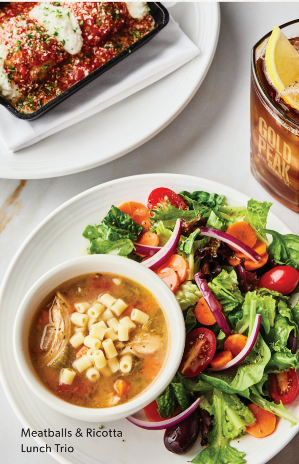
Meatballs & Ricotta Lunch Trio
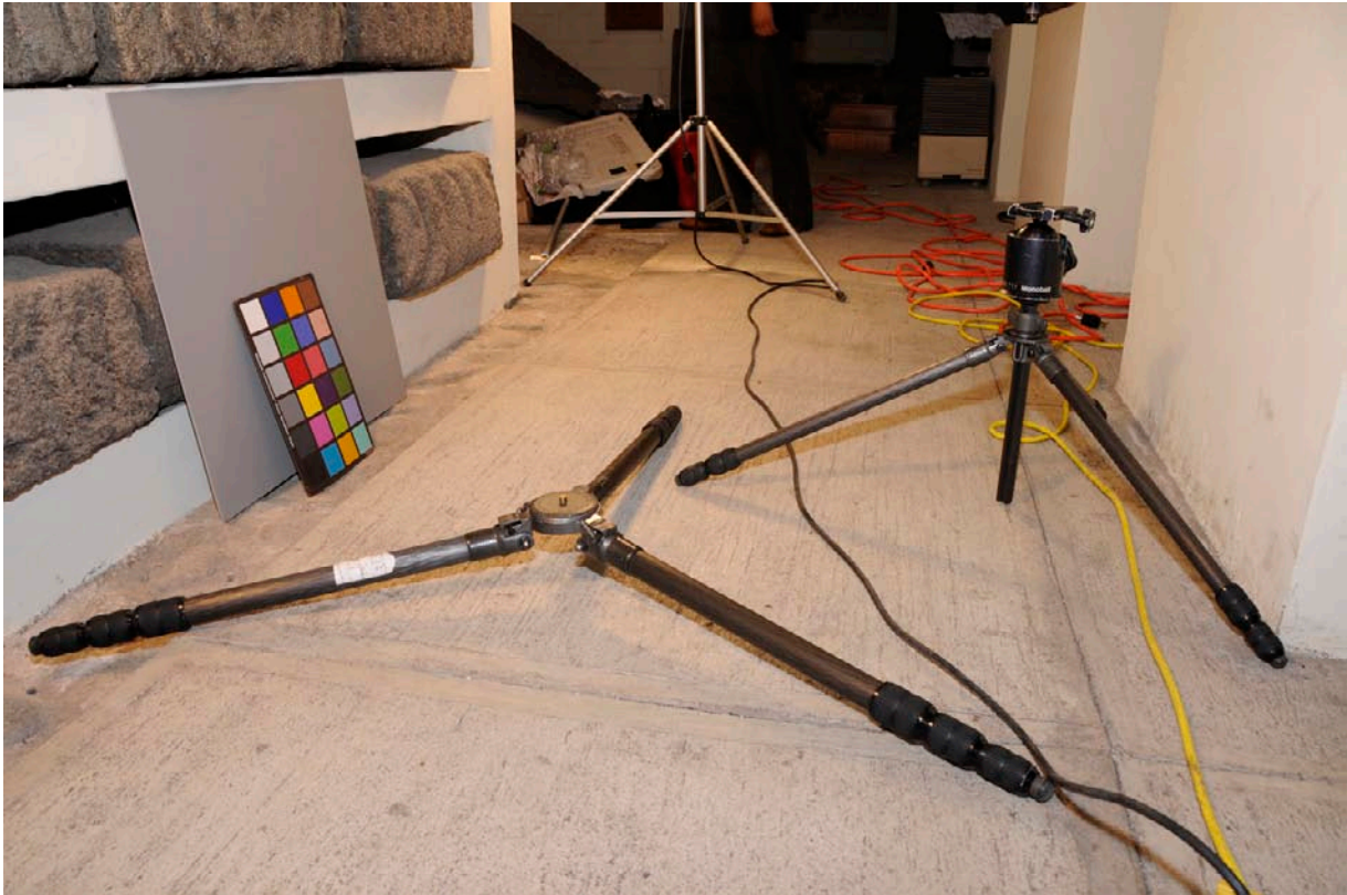
Figure 9. If you have a center post, it is easy to raise your camera without raising all three legs. BUT, but a center post introduces wobble. I prefer a studio tripod with absolutely no center post (for better stability).
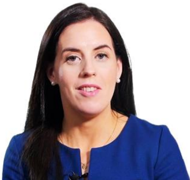
Sinéad Hussey Correspondent, RTÉ
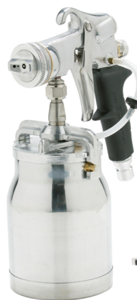
E5011 Bleeder with Bottom Cup
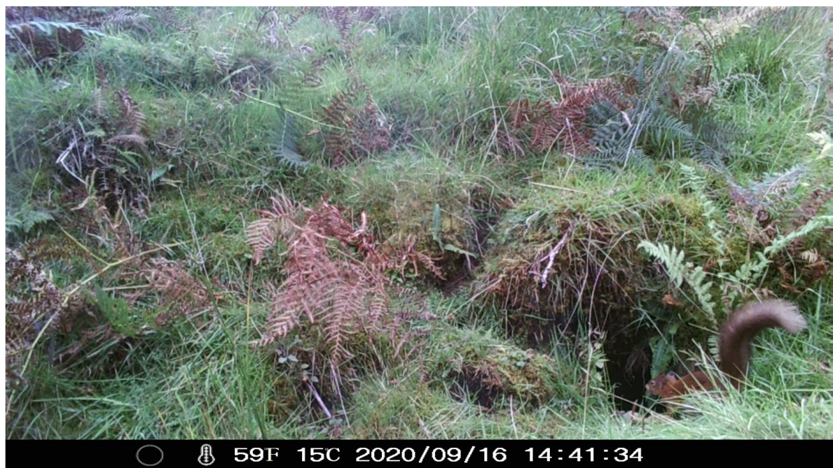
Plate C2:Image of red squirrel
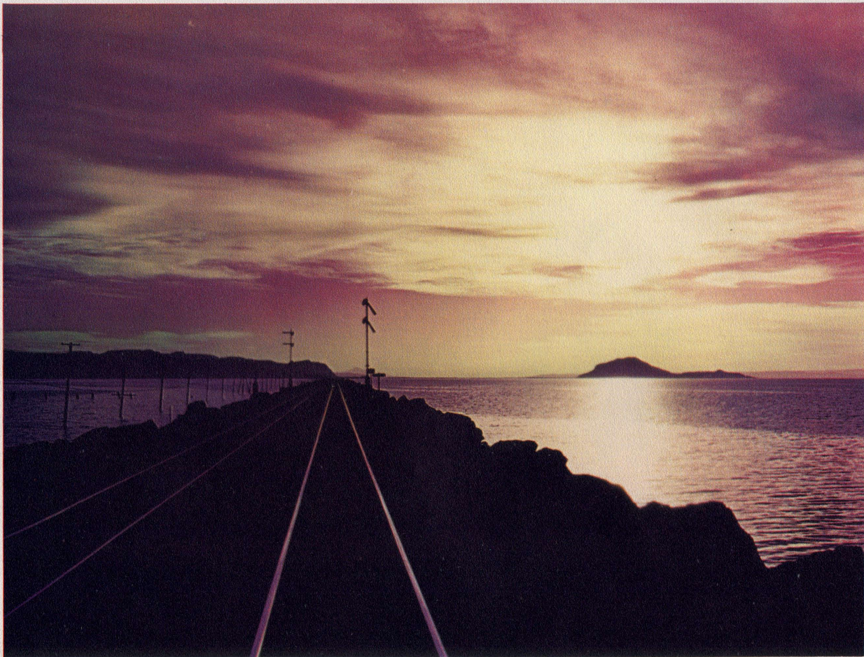
THE GREAT SALT LAKE AT SUNSET
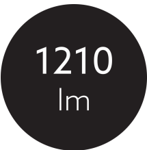
Luminous flux per meter
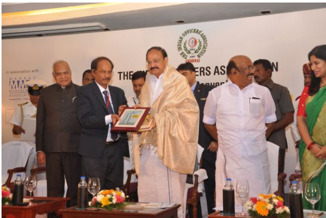
110th Convention of IOA
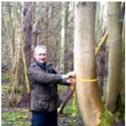
Forest Commission plans
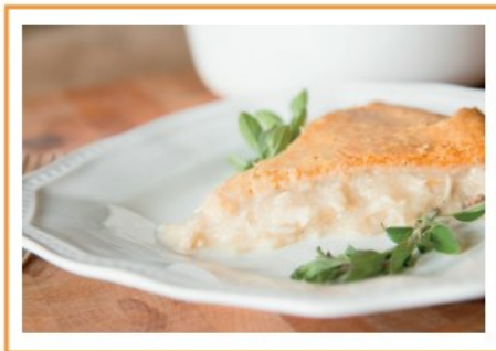
9" Moravian Chicken Pie Hearty and filling, made from scratch, filled with shredded all-white meat chicken, and creamy stock gravy. A Moravian tradition and North Carolina favorite for more than 250 years. 32 oz | 4 servings
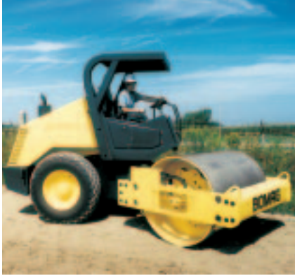
BW177DH-3 – proven compaction performance for medium-sized projects

High compaction performance ensures greater productivity and better profits
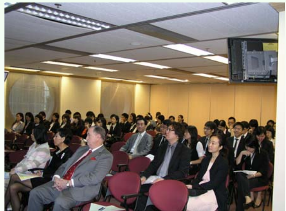
Participants at the sharing session held on 22 June 2009.
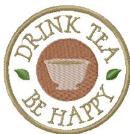
File: Drink Tea Be happy Stitched 4 Inch.jef Stitches: 11143 Size: 101.7x101.6 mm Colors: 4/6 Stops: 5

1 Brown 2 Beige Gray 3 Olive Drab 4 Beige Gray 5 Moss Green 6 Olive Drab
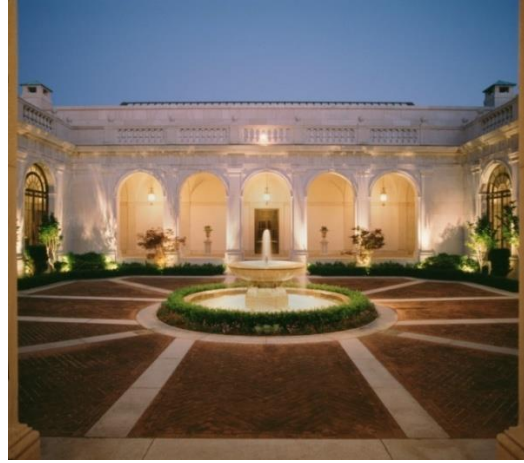
Courtyard View, Freer Gallery of Art at Night
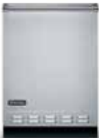
DFB450E Custom Panel Model with PDDPL24 Professional Door Panel
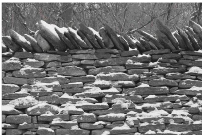
Amherst Island Stone Fence by Andrea Cross

Upon seeing the images I suddenly felt there was a connection between the style of wall that we were building and another style of wall thousands of miles away across the Atlantic ocean on Amherst Island in Lake Ontario, Canada.
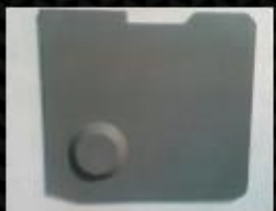
Door Panels $400 DP-KW-001

Pete CP1-379-Full Cab Panels available in 6", 9", and 11" drop. Pete CP1-389-Glider-Full Cab Panels available in 6" and 9" drop. Sleeper Panels PSP-1 available in 36", 48", 63", and 70" lengths.
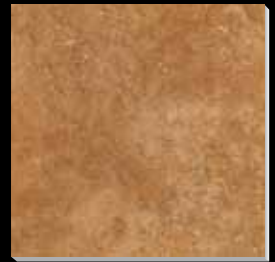
AF2B Status MT 12"x12"
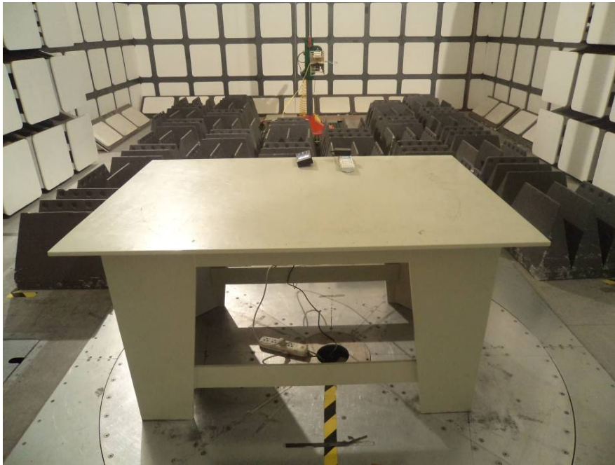
Radiated Emissions – Rear View (1-25 GHz)
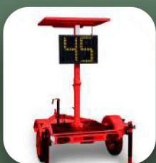
Mobile Solar Traffic Sign

**Work item:** Leave out the pictures and reproduce the rest of the records exactly.

**Answer to this task:**
Meatballs & Ricotta Lunch Trio
Figure 9. If you have a center post, it is easy to raise your camera without raising all three legs. BUT, but a center post introduces wobble. I prefer a studio tripod with absolutely no center post (for better stability).
Sinéad Hussey Correspondent, RTÉ
E5011 Bleeder with Bottom Cup
Plate C2:Image of red squirrel
THE GREAT SALT LAKE AT SUNSET
Luminous flux per meter
110th Convention of IOA
Forest Commission plans
9" Moravian Chicken Pie Hearty and filling, made from scratch, filled with shredded all-white meat chicken, and creamy stock gravy. A Moravian tradition and North Carolina favorite for more than 250 years. 32 oz | 4 servings
BW177DH-3 – proven compaction performance for medium-sized projects

High compaction performance ensures greater productivity and better profits
Participants at the sharing session held on 22 June 2009.
File: Drink Tea Be happy Stitched 4 Inch.jef Stitches: 11143 Size: 101.7x101.6 mm Colors: 4/6 Stops: 5

1 Brown 2 Beige Gray 3 Olive Drab 4 Beige Gray 5 Moss Green 6 Olive Drab
Courtyard View, Freer Gallery of Art at Night
DFB450E Custom Panel Model with PDDPL24 Professional Door Panel
Amherst Island Stone Fence by Andrea Cross

Upon seeing the images I suddenly felt there was a connection between the style of wall that we were building and another style of wall thousands of miles away across the Atlantic ocean on Amherst Island in Lake Ontario, Canada.
Door Panels $400 DP-KW-001

Pete CP1-379-Full Cab Panels available in 6", 9", and 11" drop. Pete CP1-389-Glider-Full Cab Panels available in 6" and 9" drop. Sleeper Panels PSP-1 available in 36", 48", 63", and 70" lengths.
AF2B Status MT 12"x12"
Radiated Emissions – Rear View (1-25 GHz)
Mobile Solar Traffic Sign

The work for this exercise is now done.